Richard Norton. Image courtesy of Chimera Studios.

Probably the best way to sum up this review is to use the one from the IMDB: "Me and a couple of friends went to rent some movies one day, we picked one each and one of us picked Ironheart. Let's just say that from now on, we never let him pick a movie. This movie sucks." Indeed.

If anyone thinks that Robert Clouse has anything to do with the success of Enter the Dragon, they only have to look at this movie, which was the last one Clouse completed before his death in 1997 of kidney failure (in my mind, brought on by heavy drinking to try and forget he directed crap like this and Gymkata, which had the inane idea to make a gymnast an action star). This exercise in idiocy is a total bore from beginning to end; it's straight-to-video "films" like this which give martial arts movies a bad name. The tagline of "only the strong will survive" is appropriate -- you'll need a strong stomach to sit through this ninety-minute vortex of suck.
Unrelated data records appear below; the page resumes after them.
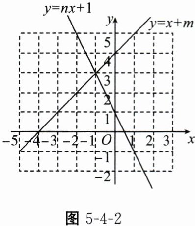变式训练2 如图5-4-2,在平面直角坐标系中,一次函数 $y = x + m$ 与 $y = nx + 1$ 的图象分别与 $y$ 轴交于点 $(0,4)$,$(0,1)$,则关于 $x$,$y$ 的二元一次方程组 $\begin{cases}y = x + m - 3,\\y = nx + 1\end{cases} $ 的解为(
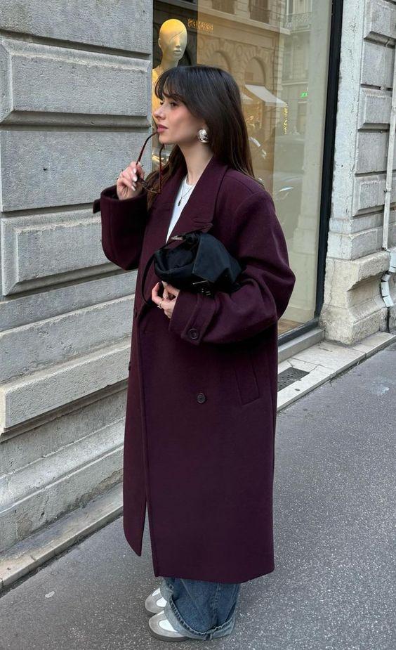 Beşinci kombinimiz kaban rengi bordo. Bordo benimde kıyafetlerde en sevdiğim renklerden biri. Bu kombinde kot pantolon ve küçük siyah çanta ve gri, beyaz spor ayakkabı ile geçiş sağlanılmış ve göze hitap eden uyum oluşturulmuş.
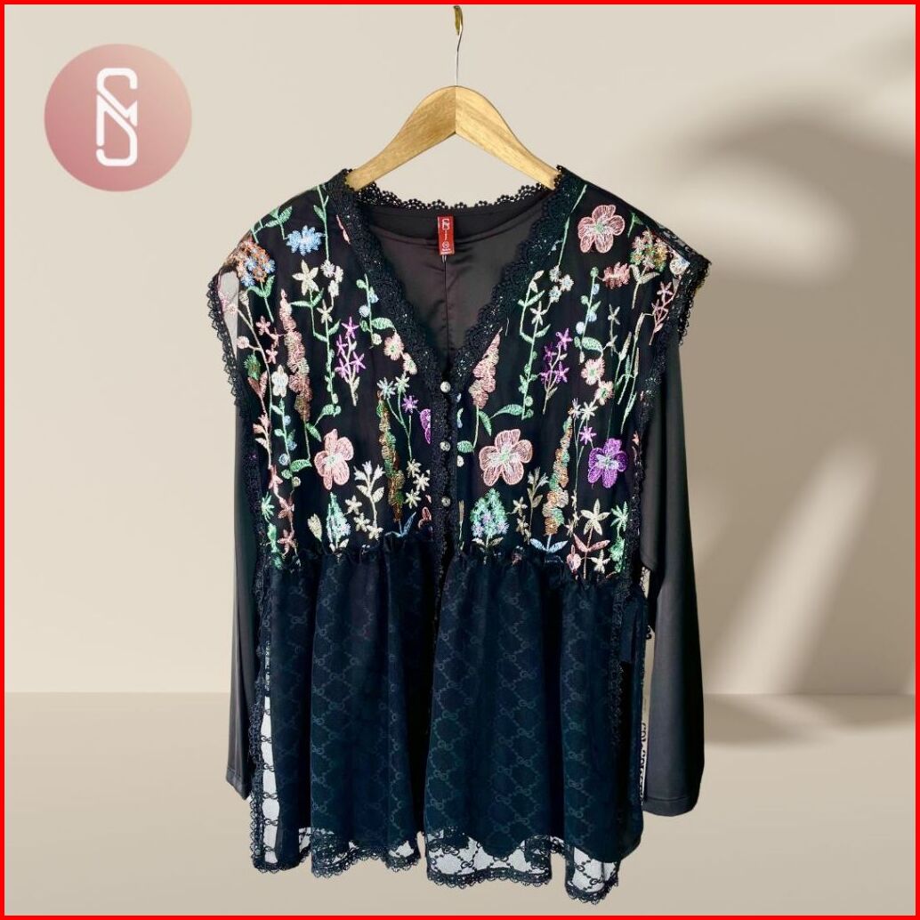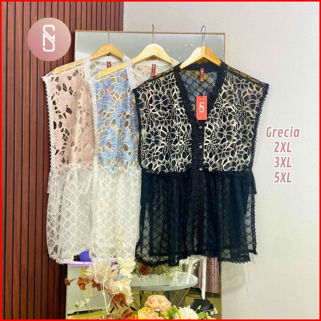 Myshawl Grecia Maya Outer Atasan Jumbo Brukat Tille Motif Kasual Kondangan Wisuda Kekinian Big Size Brukat Bunga Jumbo
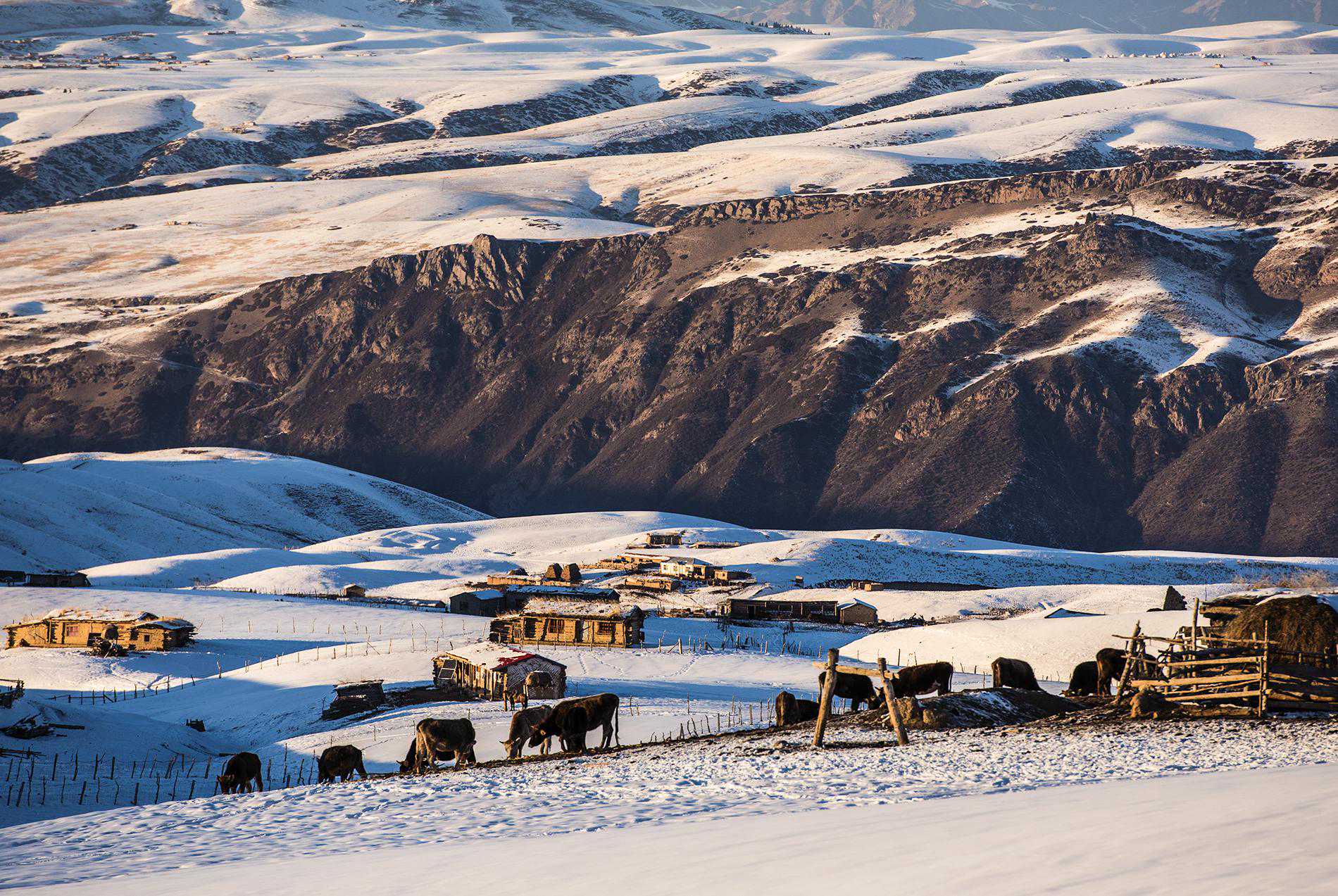 天山深处、乌孙古道上琼库什台村的“冬窝子”(冬季牧场)(2016年1月23日摄)。新华社记者沈桥摄
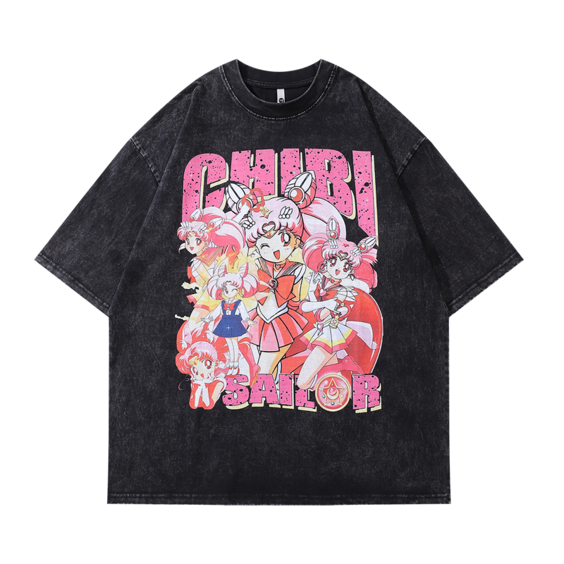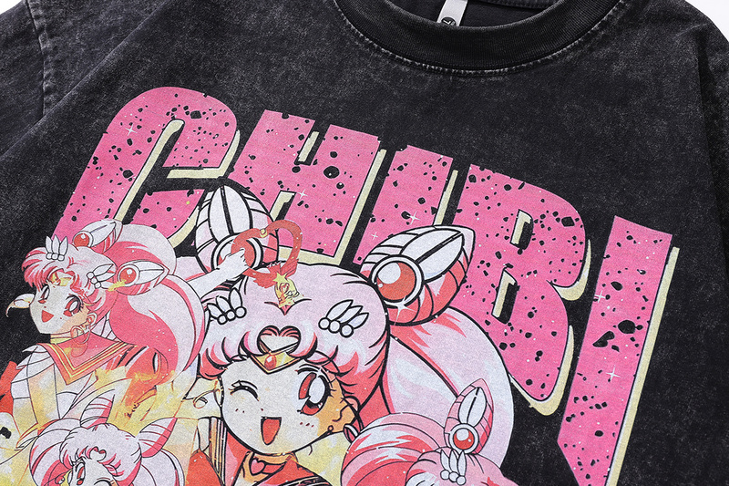 Черная футболка с потертостями и принтом CHIBI от бренда TKPA

The lame plot has Britton Lee (Bruce Lee's cousin, which means he's got about a fourth of the talent of the Dragon) as a LA cop who travels to Oregon for no other reason except that Robert Clouse lived there and was too damn lazy to shoot anywhere else. Actually, Lee's old partner transferred there to get away from the danger of LA, but of course he follows sidekick rule number one and gets killed in the line of duty. After wandering around "scenic" Portland for what seems like forever, during which time he hangs around a lame-looking dance club populated by the most untalented white people ever to strike a pose and not do much else except fight the occasional generic untalented white guy, Lee finally pieces together a white slavery scheme led by Richard Norton (in a total "beer money" role, since his talents are totally wasted here).

There is nothing, and I mean nothing, to recommend a viewing of Ironheart. The acting sucks. The directing sucks. The scenery sucks. The ugly women baring their floppy boobs suck. The endless shots of white people trying to shake their rumps sucks. The cheeseball horrible techno/rap/whatever music sucks worse than a hooker with a snaggletooth. The fights looked like they were pieced together by a blind schizophrenic amputee after smoking some bad crack, and yeah, they really suck. Even the videotape (What? You actually thought this might be on DVD?) sucks -- my VCR tried to eat it several times. Maybe it knew something I didn't and was trying to protect me.

Even if you enjoy ripping on cheesy movies, Ironheart is so truly god-awful and most damningly, just plain boring, that it doesn't even warrant a "Mystery Science Theatre" treatment, no matter how many adult beverages you might consume. If you only take heed of one of my reviews, this would be the one to do it for. Stay the hell away from Ironheart. It's an insult to the term "martial arts" and film in general. Leave it to the depths of B-movie hell where it belongs.